J Korean Assoc Oral Maxillofac Surg 2017; 43(4): 256~261
Recording natural head position using an accelerometer and reconstruction from computed tomographic images
Il Kyung Park1,3, Keun Young Lee2, Yeong Kon Jeong1,3, Rae Hyong Kim3, Dae Gun Kwon3, Sunghee Yeon3, Kyung-Hwan Kwon1
Departments of 1Oral and Maxillofacial Surgery and 2Orthodontics, College of Dentistry, Wonkwang University, 3College of Dentistry, Graduate School, Wonkwang University, Iksan, Korea
Kyung-Hwan Kwon
Department of Oral and Maxillofacial Surgery, Wonkwang University Dental Hospital, College of Dentistry, Wonkwang University, 895 Muwangro, Iksan 54538, Korea
TEL: +82-63-859-2921 FAX: +82-63-857-4002 E-mail: kkhoms@hanmail.net ORCID: http://orcid.org/0000-0002-5257-8440
Received June 7, 2017; Revised July 17, 2017; Accepted July 19, 2017.; Published online August 31, 2017.
© Korean Association of Oral and Maxillofacial Surgeons.
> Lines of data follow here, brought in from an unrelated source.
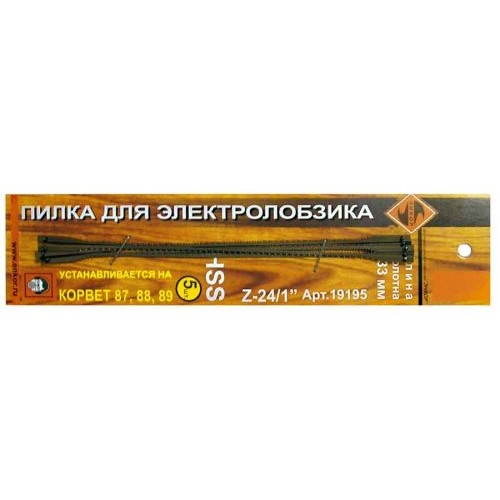 Комплект состоит из пяти пилок. Длина пилки 133 мм. Шаг зуба 24/1". Устанавливаются на электрические лобзики «Корвет 87», «Корвет 88». Материал HSS.
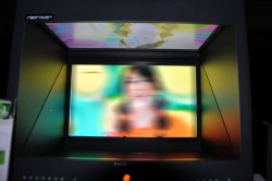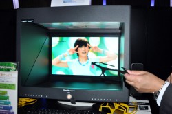 同社説明員は「画面に偏光フィルターを貼った3Dディスプレイは暗くて目が疲れやすかったが、本製品は明るいため長時間視聴でも疲労が少ない。コンテンツ製作用のディスプレイとしても適している」と語っていた。
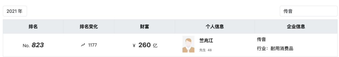 传音股价骤降背后,创始人竺兆江的财富明显缩水。《胡润全球富豪榜》显示,2026年,竺兆江的财富为125亿元,排名下跌763名,较2021年的260亿元缩水135亿元。
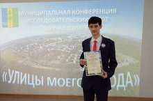 12 апреля в МБУ ДО СДЮТиЭ прошла муниципальная конференция «Улицы, носящие имена известных личностей» в рамках проекта «Улицы моего города». Ученик 10 класса Ковязин Илья выступил по теме «Улица Бызова» и был награжден дипломом II степени. Молодец, Илья!
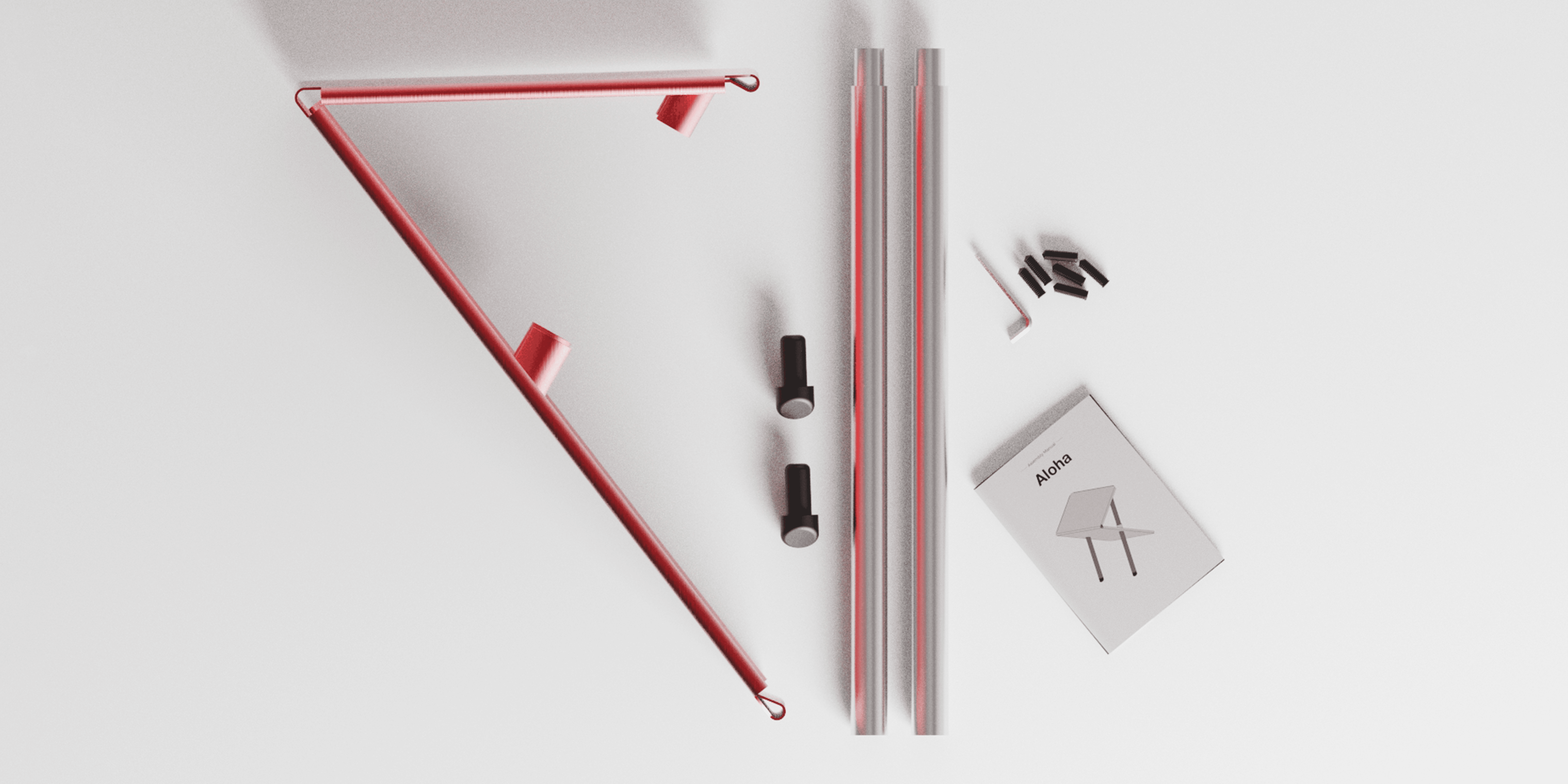 Aloha is crafted from anodizing grade aluminum (8011), 1.5mm thick sheet metal and 30mm dia aluminium pipes. Precision flush fittings by turning the pipes on lathe and grub screws ensure secure assembly. Its flat-pack design allows for easy assembly, and despite its robust metal construction, Aloha is exceptionally lightweight at just 3.5 kilograms. Aloha have various anodized color options like black, red, persian blue, olive green and gold.

All rights reserved.

This is an Open Access article distributed under the terms of the Creative Commons Attribution Non-Commercial License (http://creativecommons.org/licenses/by-nc/4.0/) which permits unrestricted non-commercial use, distribution, and reproduction in any medium, provided the original work is properly cited.
Objectives: The concept of natural head position (NHP) was first introduced by Broca in 1862, and was described as a person’s stable physiologic position “when a man is standing and his visual axis is horizontal.” NHP has been used routinely for clinical examination; however, a patient’s head position is random during cone-beam computed tomography (CBCT) acquisition. To solve this problem, we developed an accelerometer to record patients’ NHP and reproduce them for CBCT images. In this study, we also tested the accuracy and reproducibility of our accelerometer.
Materials and Methods: A total of 15 subjects participated in this study. We invented an accelerometer that measured acceleration on three axes and that could record roll and pitch calculations. Recorded roll and pitch data for each NHP were applied to a reoriented virtual image using three-dimensional (3D) imaging software. The data between the 3D models and the clinical photos were statistically analyzed side by side. Paired t-tests were used to statistically analyze the measurements.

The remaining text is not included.